Über die Rolle der schiitischen Hisbollah wird heftig diskutiert
Starke Emotionen rief der Besuch der schiitischen Al-Hassanein-Moschee hervor. Sie erinnerte die Teilnehmer an die Rolle der schiitischen Hisbollah-Miliz aus dem Libanon im Syrienkonflikt: Die Hisbollah ist ein wichtiger Verbündeter von Diktator Assad. Ein Teilnehmer in der Gruppe hatte im Krieg ihm Nahestehende verloren; sie waren von Mitgliedern der Hisbollah-Miliz getötet worden. Heftig wurde darüber diskutiert, welche Unterschiede es zwischen der sozial engagierten Berliner Moschee und der gewalttätigen Hisbollah im Konflikt gibt. Doch die Gruppe hielt die Emotionen aus. Nach der Diskussion ging man wie stets gemeinsam zum Essen.
Die Impulse für das interreligiöse Versöhnungsprojekt stammen unter anderem aus der Dialogarbeit des italienischen Jesuiten Paolo Dall’Oglio in Syrien. Dall’Oglio hatte seit Beginn der 1980er Jahre im alten Kloster Mar Musa in der Wüste circa 80 Kilometer nördlich von Damaskus eine Ordensgemeinschaft gegründet, die ihre zentrale Aufgabe in der Gastfreundschaft und der Liebe zu den Muslimen sieht. In dem Kloster entstand eine im Nahen Osten einzigartige Begegnungsstätte für Christen, Muslime und Suchende aller Art. Nach seiner Ausweisung aus Syrien 2012 hielt Dall’Oglio seinen einzigen Vortrag in Deutschland in der Katholischen Akademie Berlin und inspirierte so mit zu dem Projekt. Er wurde im Juli 2013 von der Terrormiliz IS entführt, als er nach Syrien zurückgekehrt war. Seitdem fehlt jedes Lebenszeichen von ihm. Im Projekt Erinnerte Zukunft leben seine Ideen weiter.

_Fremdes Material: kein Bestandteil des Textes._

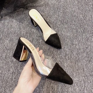 Guốc quai mica gót trụ trong lõi cùng màu - 6P
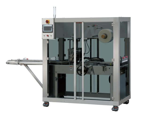 本機適用于各行業中的單件盒式物品的薄膜自動包裝(帶金拉線)。本機整體機架采用碳鋼噴塑、落地多開安全門結構,采用平推式推盒結構,更換模具簡單,調節距離多處采用手搖式調節尺寸,大大節省換模具時間,固定膜處采用氣漲軸輥固定,使換膜更簡單、快速。
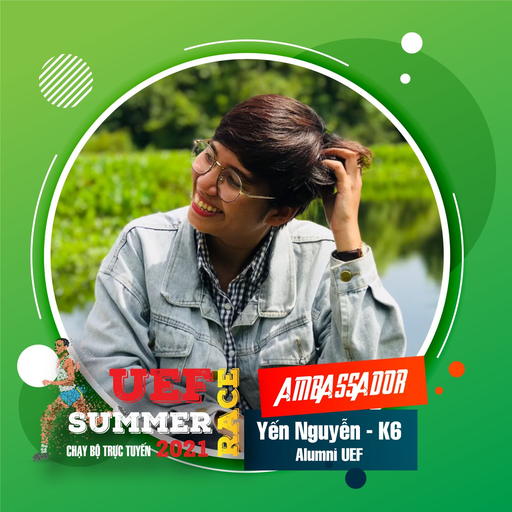 Yến cảm thấy rất vui khi được tham gia vào giải chạy bộ online UEF Summer Race 2021, đặc biệt hơn với tư cách là một cựu sinh viên của trường UEF. Từ một người chạy chưa đến 100m cho đến hoàn thành được các cự ly 5km, 10km hay 21km, mình hiểu được việc tập luyện thể thao quan trọng như thế nào. Ngoài việc bảo vệ sức khỏe, chạy bộ là môn thể thao giúp bạn rèn luyện được kỷ luật và sự kiên trì hơn bất kể môn thể thao nào khác. Yến tin rằng, khi tham gia UEF Summer Race 2021, mỗi bước chạy của chúng ta là một sự kết nối và tạo ra giá trị cho xã hội”.
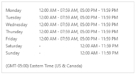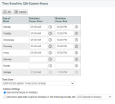 Para todas las otras entidades del flujo de trabajo (proyectos, tarea, contratos, etc.), el componente de tiempo se basa solamente en las horas laborales de la ubicación predeterminada.
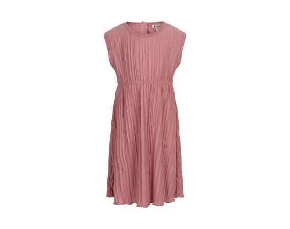 Kjolen har læg og en fin tynd elastik i livet.Kjolen er fremstillet i en dejlig blød bomulds polyester.

Auch im Projekt ist es nicht gelungen, alle tiefsitzenden Vorurteile zwischen Christen und Muslimen direkt anzusprechen; Würtz wünscht sich deshalb für die nächste Runde eine längere Laufzeit. „Eine langsame Annäherung der Teilnehmer ist notwendig, um die nötige Vertrauensbasis zu schaffen.“ Eine zweite Runde ist vorgesehen, allerdings steht die Finanzierung noch nicht.